Tests were carried out by first dissolving or dispersing either 2,2'-ethylidenebis(4,6-di-t-butylphenol) (a phenolic antioxidant which is available from Ethyl Corporation as Ethanox.RTM.308 antioxidant) or a mixture of Ethanox.RTM.308 antioxidant
and Phos.A in a small amount of methylene chloride. The admixture was mixed with 50 g of high density polyethylene (Soltex XF-397 which is available from Solvey et Cie). The resulting mixtures were then dry blended with 450 g of high density
polyethylene under nitrogen. The blended materials were pelletized under nitrogen on a twin screw mixer (Brabender) with the following profile: zone one at 150.degree. C., zones two and three at 200.degree. C.; stock temperature at
204.degree.-206.degree. C.; screw speed 30 rpm. Then, multiple extrusions (5 passes) were run on the pellets on a single screw extruder (Brabender L/D 24:1) with a temperature profile of the following: zones one and two at 218.degree. C., zone three
at 232.degree. C. and zone four at 246.degree. C. The stock temperature was 253.degree.-255.degree. C. and the screw speed 30 rpm in an air atmosphere. The extruded strand was cooled by passing it through a room temperature (24.degree.-29.degree.
C.) water bath.
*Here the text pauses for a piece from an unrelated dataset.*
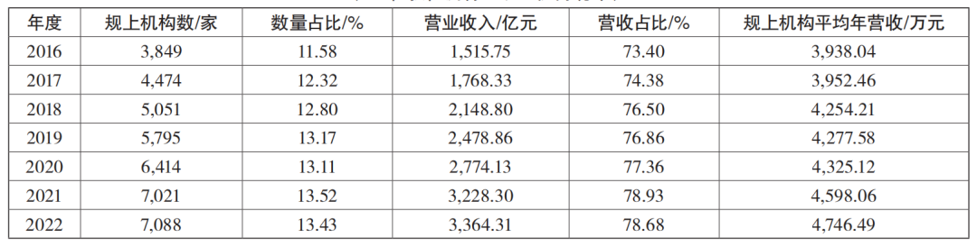 整理近年来我国检验检测行业规模以上机构(年营业收入1,000万元以上)情况如表3所示,可知我国检验检测行业呈现明显的“二八定律”,不到20%的机构瓜分了约80%的市场业务,行业营收集约化特征明显,但2022年规上机构数量同比仅增长0.95%,增速下降明显,表明小微机构规模扩大困难,市场竞争逐渐由增量市场的“跑马圈地”转变为存量市场的“零和博弈”。

Water carryover was minimized by an air knife that blew the excess water from the strand before it entered the pelletizer. Material from each pass was collected and 60 mil sheets were pressed out at 375.degree. F., and color was
determined with a Hunterlab Optical Sensor Model D 25.
The results of these tests show that Phos.A was effective in suppressing the formation of color.
The invention is not limited to the above-described specific embodiments thereof; it must be understood, therefore, that the detail involved in the descriptions of the specific embodiments is presented for the purpose of illustration only, and
that reasonable variations, which will be apparent to those skilled in the art, can be made in this invention without departing from the spirit and scope thereof.